WORK TO COMPLETE -
For this exercise, output the entries below exactly from the line that holds "將PT100等熱電阻跟熱電偶" to the line that holds "in eFootball 2026.", both ends included. No pictures belong in the copy.

*****

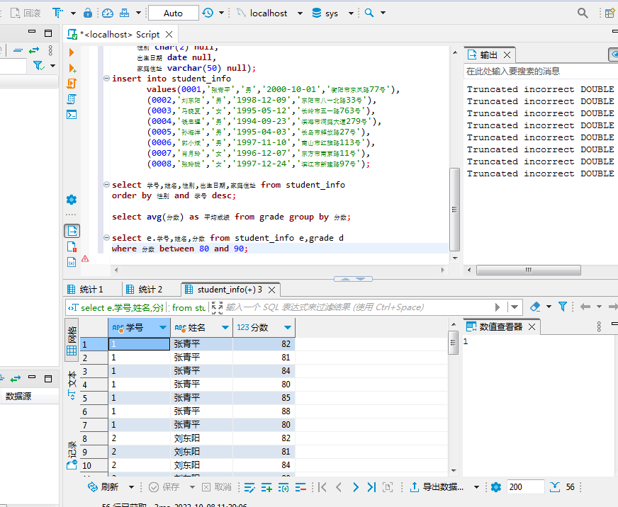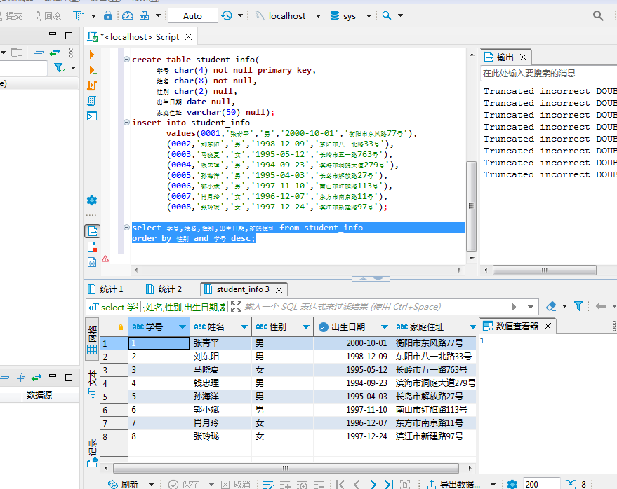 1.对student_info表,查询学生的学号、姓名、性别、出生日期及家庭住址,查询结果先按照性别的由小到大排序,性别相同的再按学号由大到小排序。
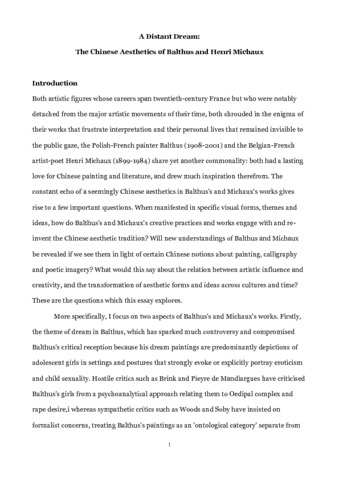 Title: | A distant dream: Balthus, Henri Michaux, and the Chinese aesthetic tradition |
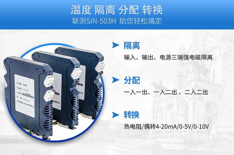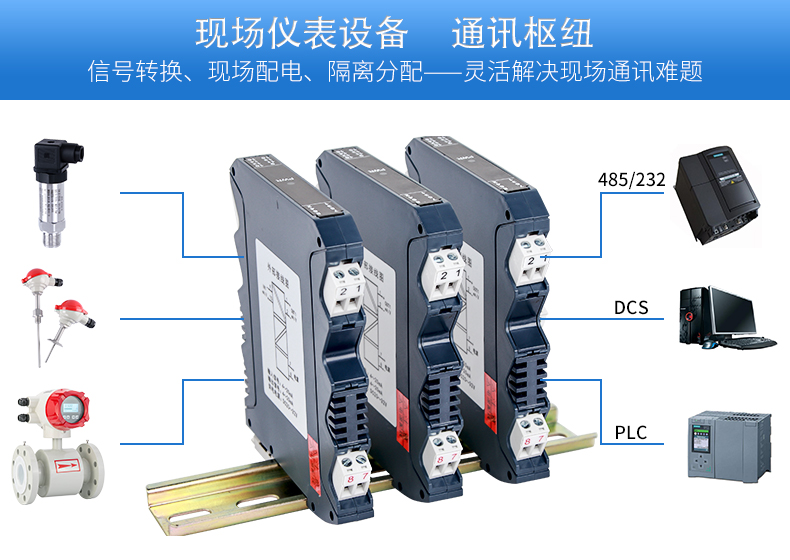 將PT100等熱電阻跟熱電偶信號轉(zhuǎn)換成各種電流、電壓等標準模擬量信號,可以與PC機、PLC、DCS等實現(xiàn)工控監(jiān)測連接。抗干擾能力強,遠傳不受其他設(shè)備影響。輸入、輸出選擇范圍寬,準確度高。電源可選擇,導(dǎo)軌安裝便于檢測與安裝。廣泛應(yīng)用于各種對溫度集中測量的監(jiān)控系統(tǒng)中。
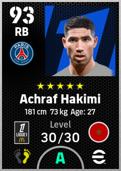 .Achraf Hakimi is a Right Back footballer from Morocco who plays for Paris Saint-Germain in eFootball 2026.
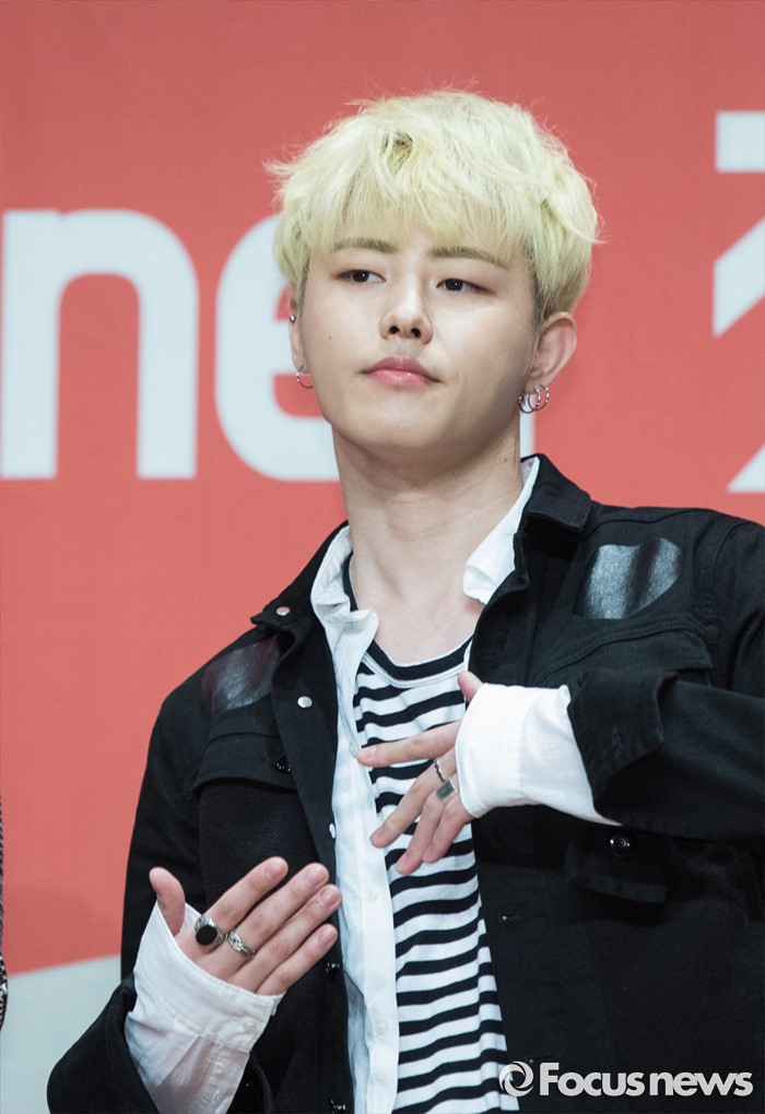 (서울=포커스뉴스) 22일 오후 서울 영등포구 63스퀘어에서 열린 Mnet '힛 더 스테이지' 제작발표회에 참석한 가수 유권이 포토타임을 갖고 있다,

*****

SOLUTION FOR THIS PROBLEM -
 將PT100等熱電阻跟熱電偶信號轉(zhuǎn)換成各種電流、電壓等標準模擬量信號,可以與PC機、PLC、DCS等實現(xiàn)工控監(jiān)測連接。抗干擾能力強,遠傳不受其他設(shè)備影響。輸入、輸出選擇范圍寬,準確度高。電源可選擇,導(dǎo)軌安裝便于檢測與安裝。廣泛應(yīng)用于各種對溫度集中測量的監(jiān)控系統(tǒng)中。
 .Achraf Hakimi is a Right Back footballer from Morocco who plays for Paris Saint-Germain in eFootball 2026.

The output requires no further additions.